[[ Data for review open ]]
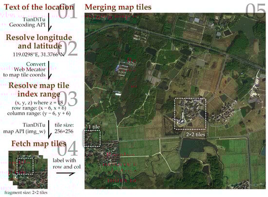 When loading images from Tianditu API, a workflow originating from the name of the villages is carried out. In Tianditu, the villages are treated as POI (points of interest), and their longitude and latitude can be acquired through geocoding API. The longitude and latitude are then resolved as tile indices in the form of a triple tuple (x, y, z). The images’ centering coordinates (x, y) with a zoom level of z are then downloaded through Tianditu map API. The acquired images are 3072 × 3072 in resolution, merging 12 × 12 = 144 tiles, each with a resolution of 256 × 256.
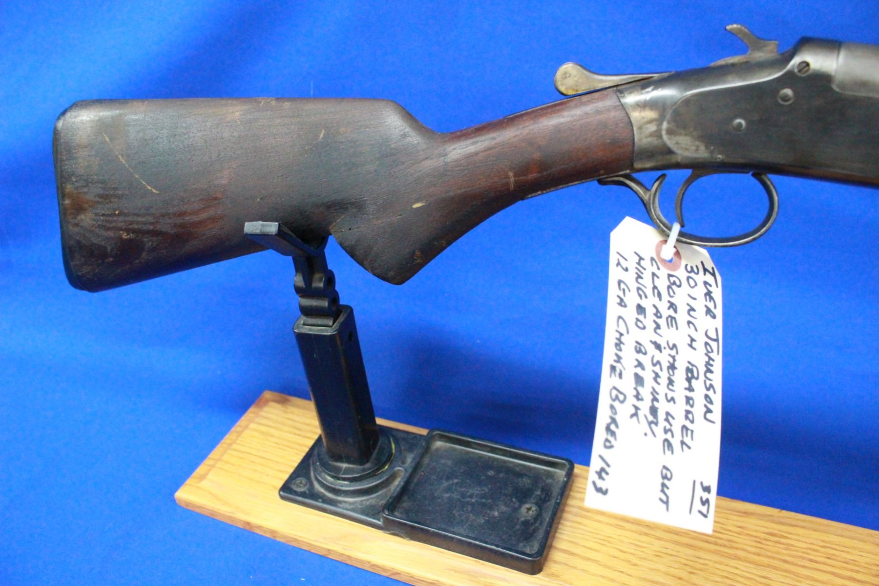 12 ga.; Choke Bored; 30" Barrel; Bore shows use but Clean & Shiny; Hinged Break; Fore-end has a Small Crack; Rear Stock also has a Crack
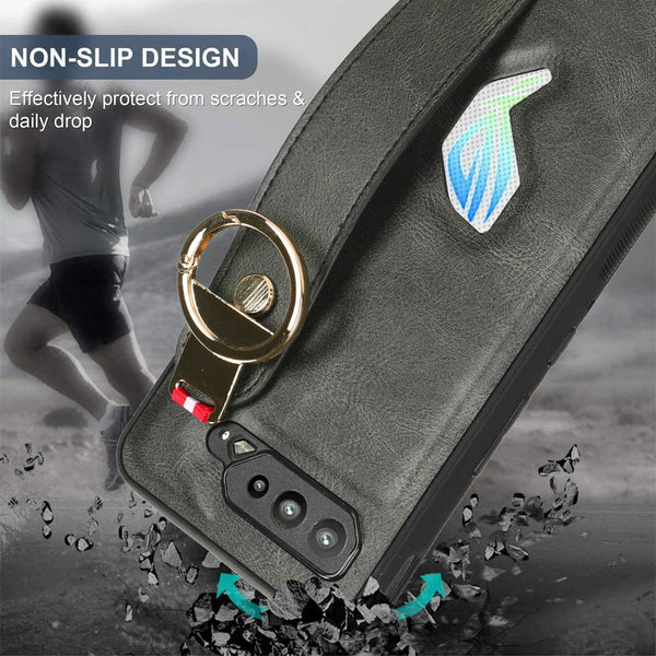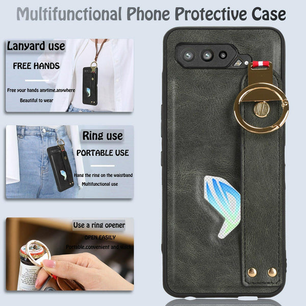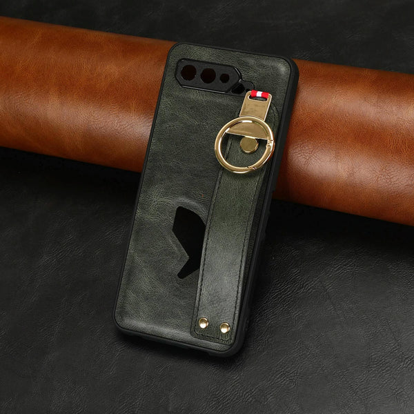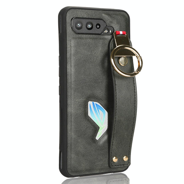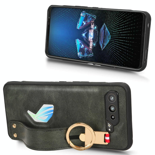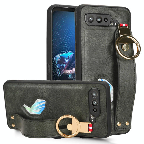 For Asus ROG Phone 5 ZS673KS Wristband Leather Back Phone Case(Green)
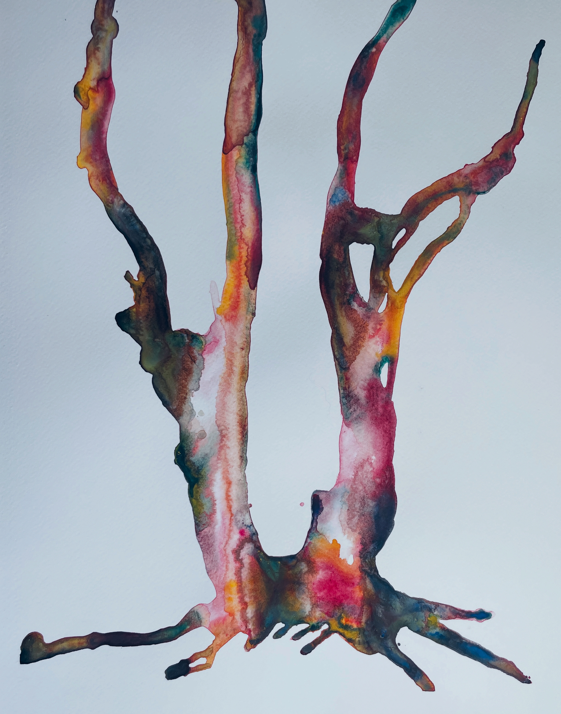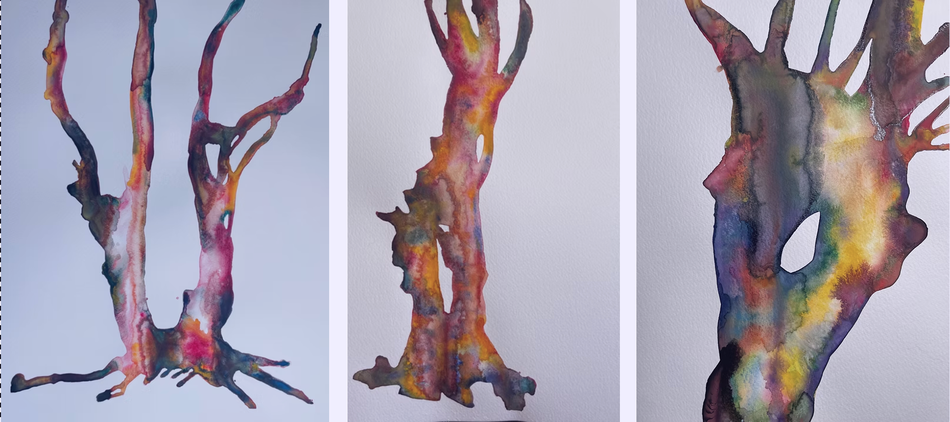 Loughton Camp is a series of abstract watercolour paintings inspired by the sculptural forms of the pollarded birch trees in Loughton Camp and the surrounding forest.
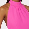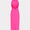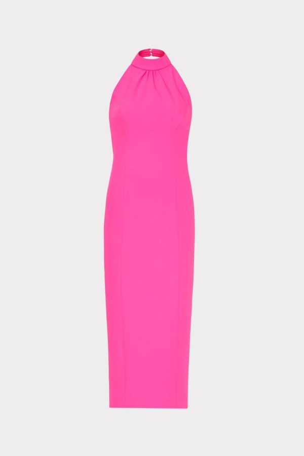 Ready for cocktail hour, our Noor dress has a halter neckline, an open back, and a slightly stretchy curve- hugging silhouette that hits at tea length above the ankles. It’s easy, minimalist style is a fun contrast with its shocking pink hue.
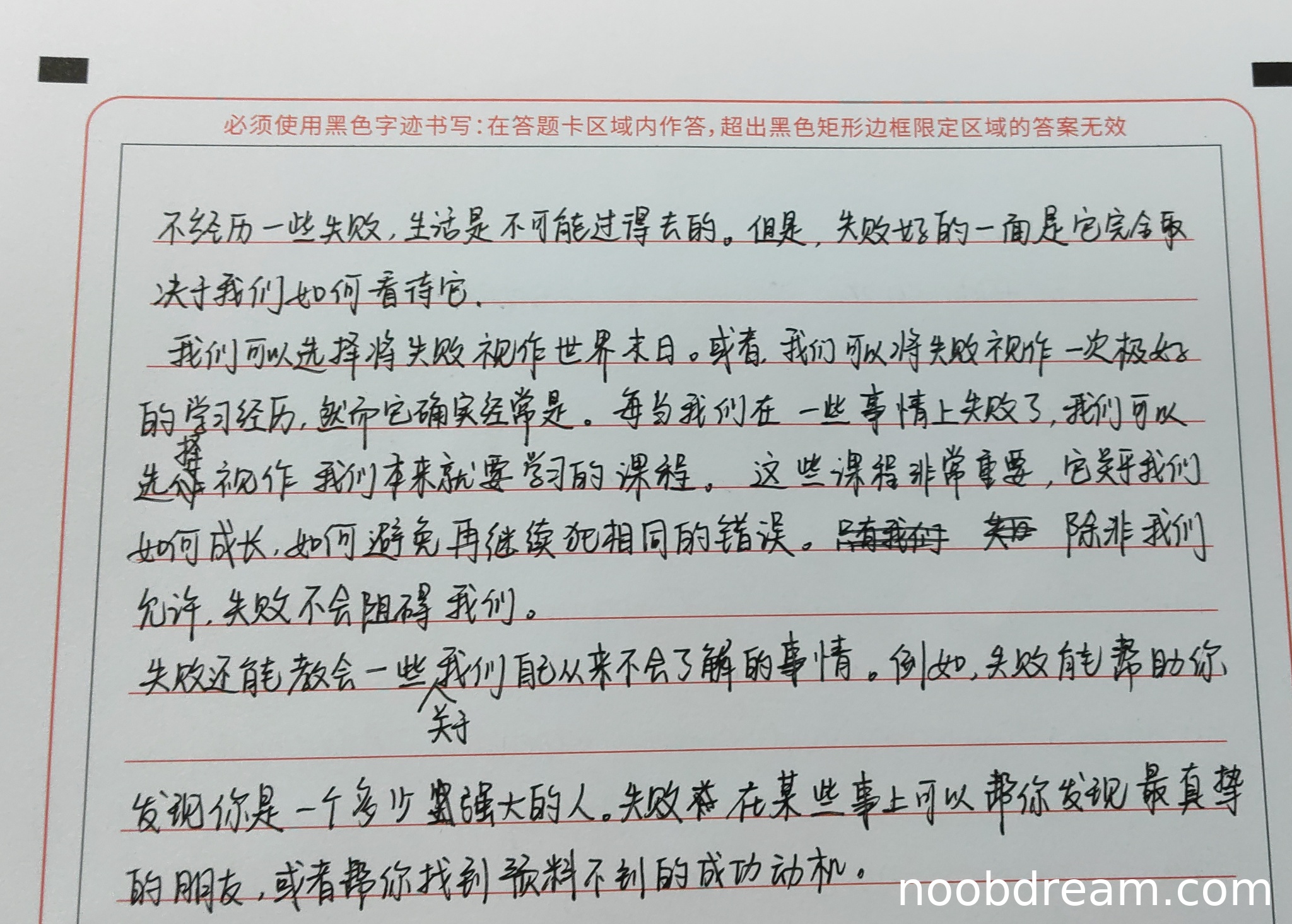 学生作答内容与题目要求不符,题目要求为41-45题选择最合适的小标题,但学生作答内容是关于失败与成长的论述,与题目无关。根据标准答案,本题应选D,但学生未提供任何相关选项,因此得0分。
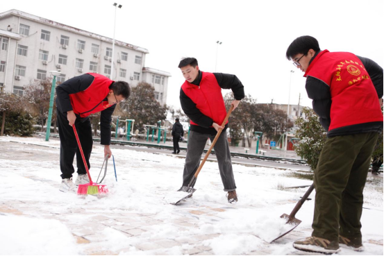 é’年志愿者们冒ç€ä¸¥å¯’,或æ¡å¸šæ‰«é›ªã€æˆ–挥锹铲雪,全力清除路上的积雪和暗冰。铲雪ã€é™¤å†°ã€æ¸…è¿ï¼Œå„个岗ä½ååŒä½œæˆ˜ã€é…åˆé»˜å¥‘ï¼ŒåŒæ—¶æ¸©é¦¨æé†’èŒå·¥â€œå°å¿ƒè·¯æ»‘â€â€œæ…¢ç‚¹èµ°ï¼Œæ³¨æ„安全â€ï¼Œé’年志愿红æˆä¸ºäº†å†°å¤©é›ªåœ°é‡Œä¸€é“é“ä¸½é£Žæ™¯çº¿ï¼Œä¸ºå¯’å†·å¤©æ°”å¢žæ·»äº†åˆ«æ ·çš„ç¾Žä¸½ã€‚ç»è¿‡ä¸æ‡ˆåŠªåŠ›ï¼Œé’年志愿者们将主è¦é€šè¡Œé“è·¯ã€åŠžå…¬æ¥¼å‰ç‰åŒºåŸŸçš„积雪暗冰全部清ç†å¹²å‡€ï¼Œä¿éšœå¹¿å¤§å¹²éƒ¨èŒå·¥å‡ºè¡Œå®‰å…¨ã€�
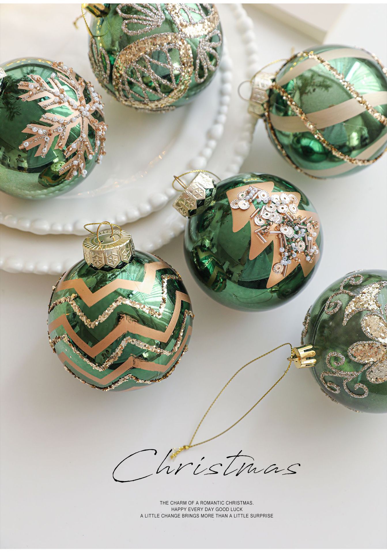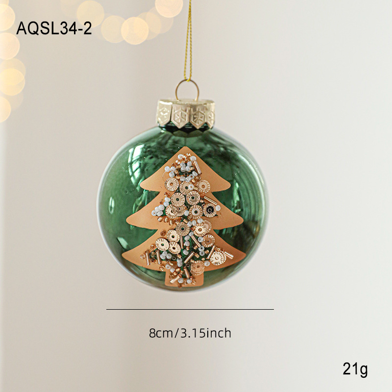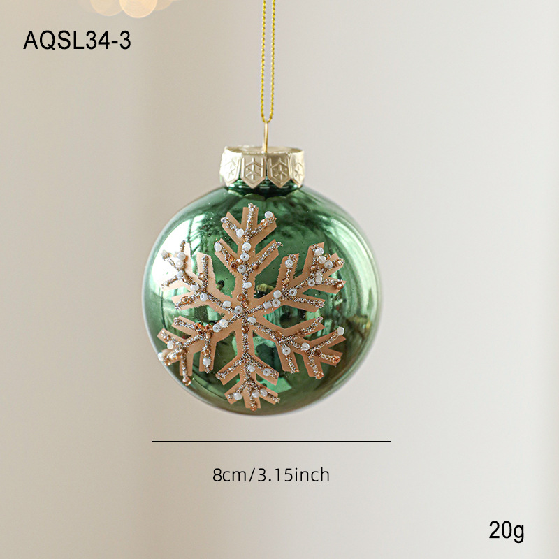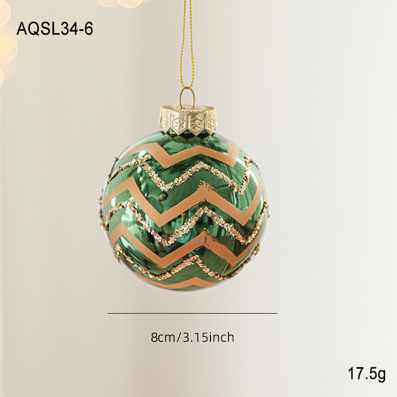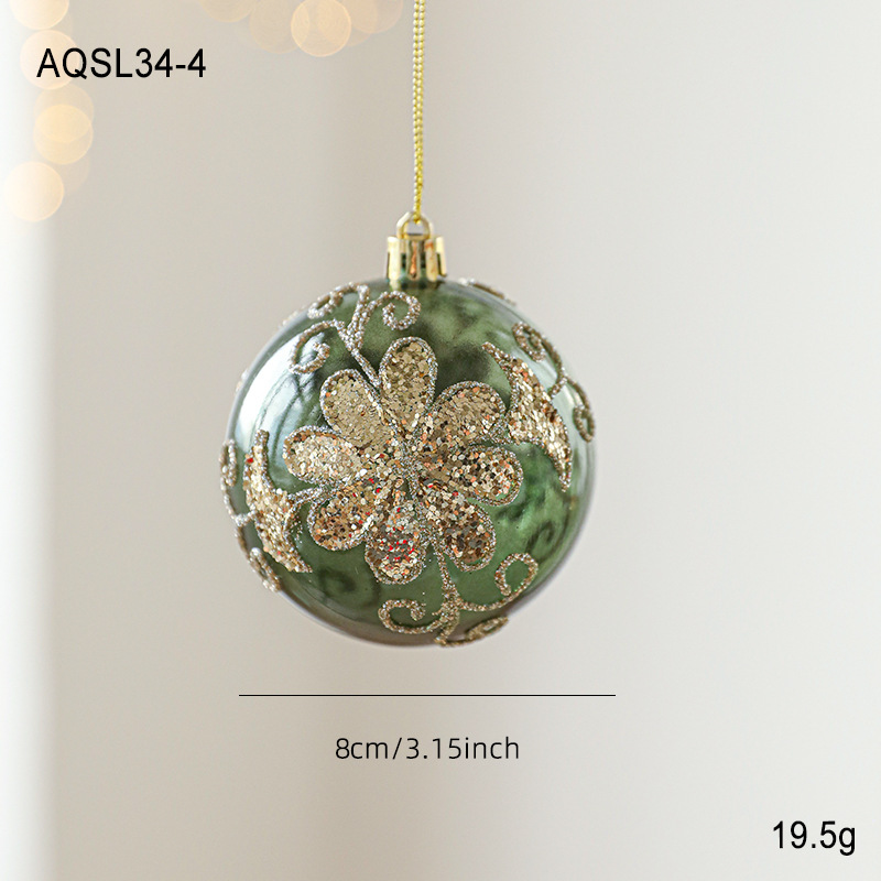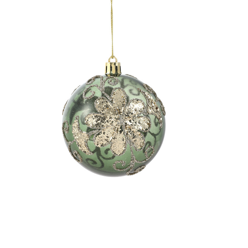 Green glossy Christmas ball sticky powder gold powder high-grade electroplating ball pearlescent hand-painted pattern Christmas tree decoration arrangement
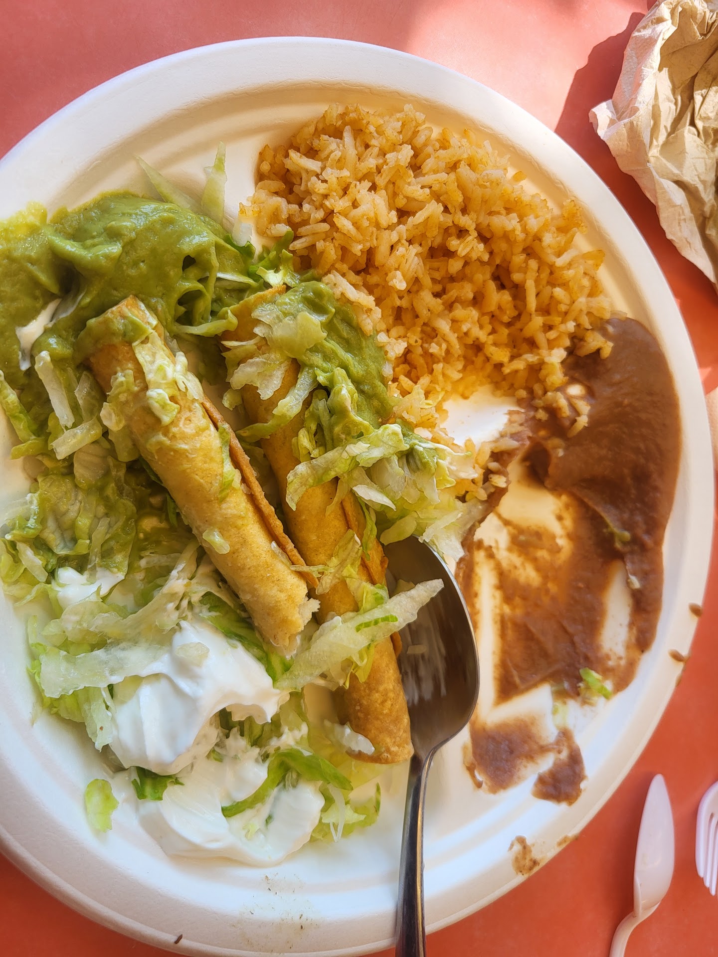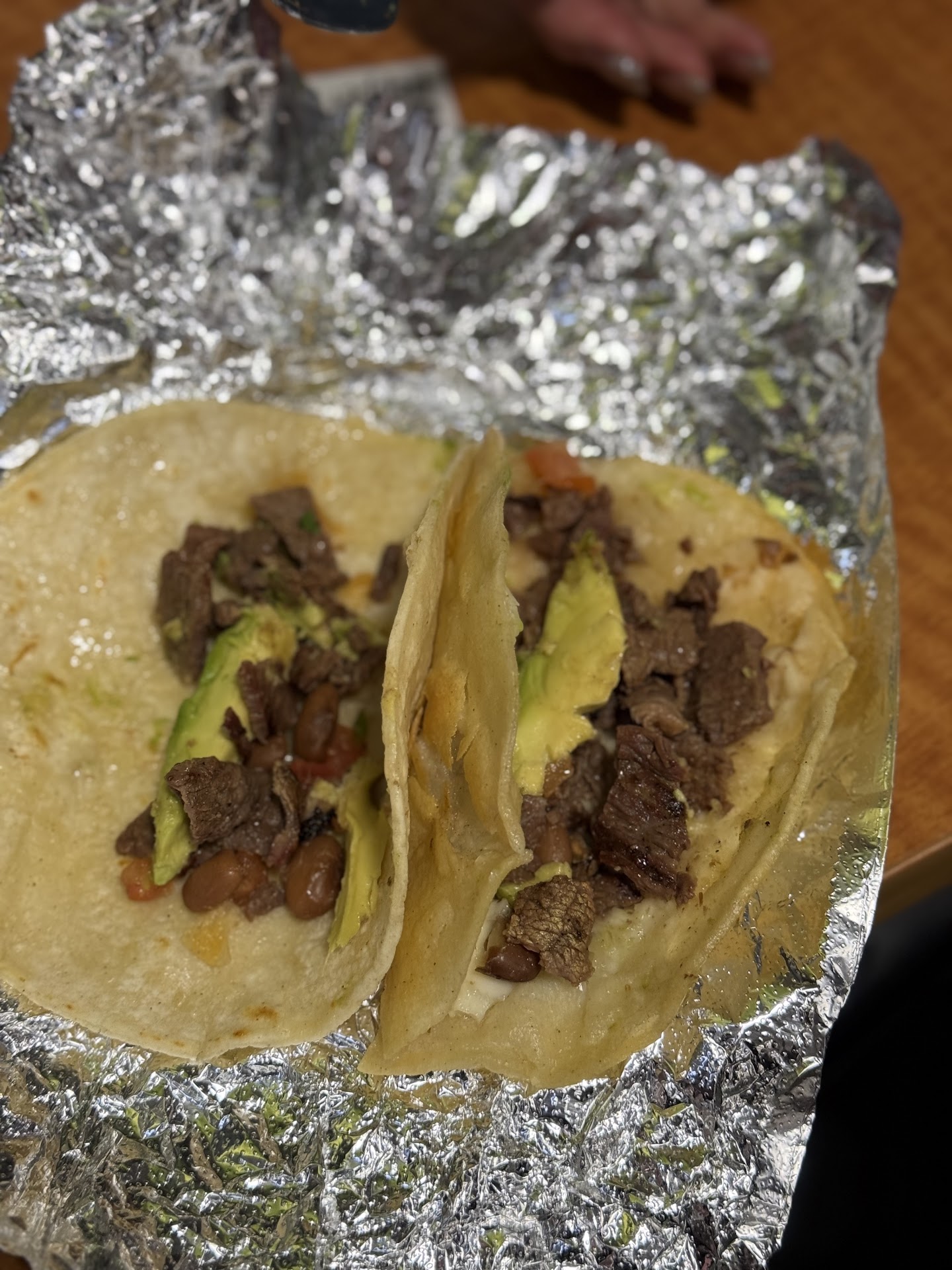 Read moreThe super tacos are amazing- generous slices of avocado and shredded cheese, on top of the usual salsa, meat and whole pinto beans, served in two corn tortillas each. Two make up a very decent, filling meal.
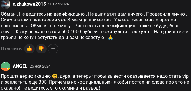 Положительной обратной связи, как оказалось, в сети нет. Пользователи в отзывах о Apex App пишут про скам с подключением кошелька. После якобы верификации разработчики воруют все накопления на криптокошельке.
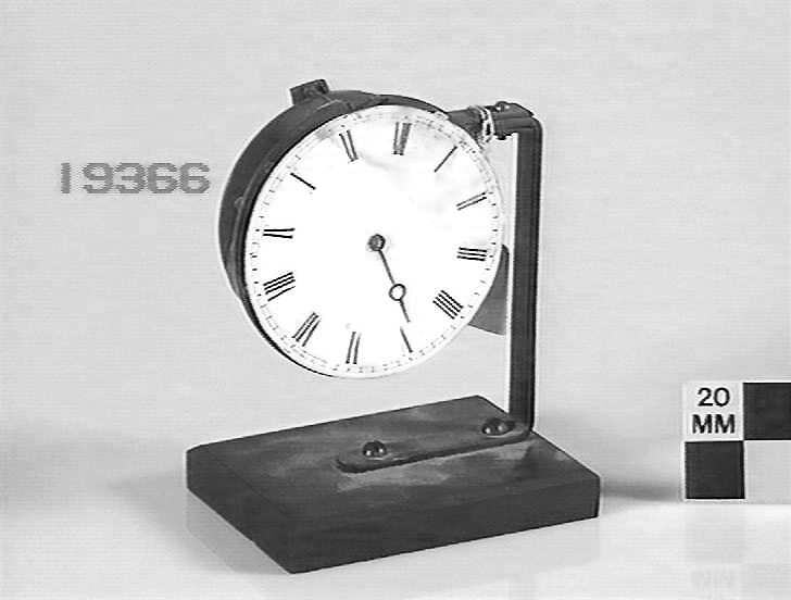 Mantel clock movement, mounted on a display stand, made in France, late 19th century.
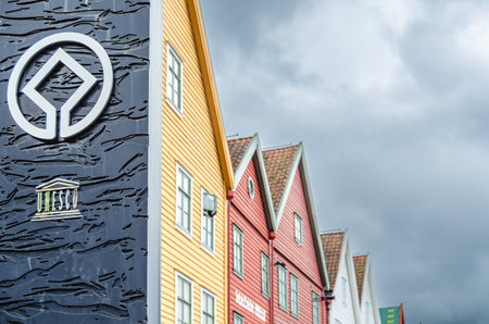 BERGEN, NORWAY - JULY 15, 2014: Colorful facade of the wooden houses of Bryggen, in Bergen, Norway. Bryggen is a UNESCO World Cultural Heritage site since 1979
[[ Data for review closed ]]
• What to work on: Reproduce every record verbatim, please. Omit the images.

• Response to this task:
 When loading images from Tianditu API, a workflow originating from the name of the villages is carried out. In Tianditu, the villages are treated as POI (points of interest), and their longitude and latitude can be acquired through geocoding API. The longitude and latitude are then resolved as tile indices in the form of a triple tuple (x, y, z). The images’ centering coordinates (x, y) with a zoom level of z are then downloaded through Tianditu map API. The acquired images are 3072 × 3072 in resolution, merging 12 × 12 = 144 tiles, each with a resolution of 256 × 256.
 12 ga.; Choke Bored; 30" Barrel; Bore shows use but Clean & Shiny; Hinged Break; Fore-end has a Small Crack; Rear Stock also has a Crack
 For Asus ROG Phone 5 ZS673KS Wristband Leather Back Phone Case(Green)
 Loughton Camp is a series of abstract watercolour paintings inspired by the sculptural forms of the pollarded birch trees in Loughton Camp and the surrounding forest.
 Ready for cocktail hour, our Noor dress has a halter neckline, an open back, and a slightly stretchy curve- hugging silhouette that hits at tea length above the ankles. It’s easy, minimalist style is a fun contrast with its shocking pink hue.
 学生作答内容与题目要求不符,题目要求为41-45题选择最合适的小标题,但学生作答内容是关于失败与成长的论述,与题目无关。根据标准答案,本题应选D,但学生未提供任何相关选项,因此得0分。
 é’年志愿者们冒ç€ä¸¥å¯’,或æ¡å¸šæ‰«é›ªã€æˆ–挥锹铲雪,全力清除路上的积雪和暗冰。铲雪ã€é™¤å†°ã€æ¸…è¿ï¼Œå„个岗ä½ååŒä½œæˆ˜ã€é…åˆé»˜å¥‘ï¼ŒåŒæ—¶æ¸©é¦¨æé†’èŒå·¥â€œå°å¿ƒè·¯æ»‘â€â€œæ…¢ç‚¹èµ°ï¼Œæ³¨æ„安全â€ï¼Œé’年志愿红æˆä¸ºäº†å†°å¤©é›ªåœ°é‡Œä¸€é“é“ä¸½é£Žæ™¯çº¿ï¼Œä¸ºå¯’å†·å¤©æ°”å¢žæ·»äº†åˆ«æ ·çš„ç¾Žä¸½ã€‚ç»è¿‡ä¸æ‡ˆåŠªåŠ›ï¼Œé’年志愿者们将主è¦é€šè¡Œé“è·¯ã€åŠžå…¬æ¥¼å‰ç‰åŒºåŸŸçš„积雪暗冰全部清ç†å¹²å‡€ï¼Œä¿éšœå¹¿å¤§å¹²éƒ¨èŒå·¥å‡ºè¡Œå®‰å…¨ã€�
 Green glossy Christmas ball sticky powder gold powder high-grade electroplating ball pearlescent hand-painted pattern Christmas tree decoration arrangement
 Read moreThe super tacos are amazing- generous slices of avocado and shredded cheese, on top of the usual salsa, meat and whole pinto beans, served in two corn tortillas each. Two make up a very decent, filling meal.
 Положительной обратной связи, как оказалось, в сети нет. Пользователи в отзывах о Apex App пишут про скам с подключением кошелька. После якобы верификации разработчики воруют все накопления на криптокошельке.
 Mantel clock movement, mounted on a display stand, made in France, late 19th century.
 BERGEN, NORWAY - JULY 15, 2014: Colorful facade of the wooden houses of Bryggen, in Bergen, Norway. Bryggen is a UNESCO World Cultural Heritage site since 1979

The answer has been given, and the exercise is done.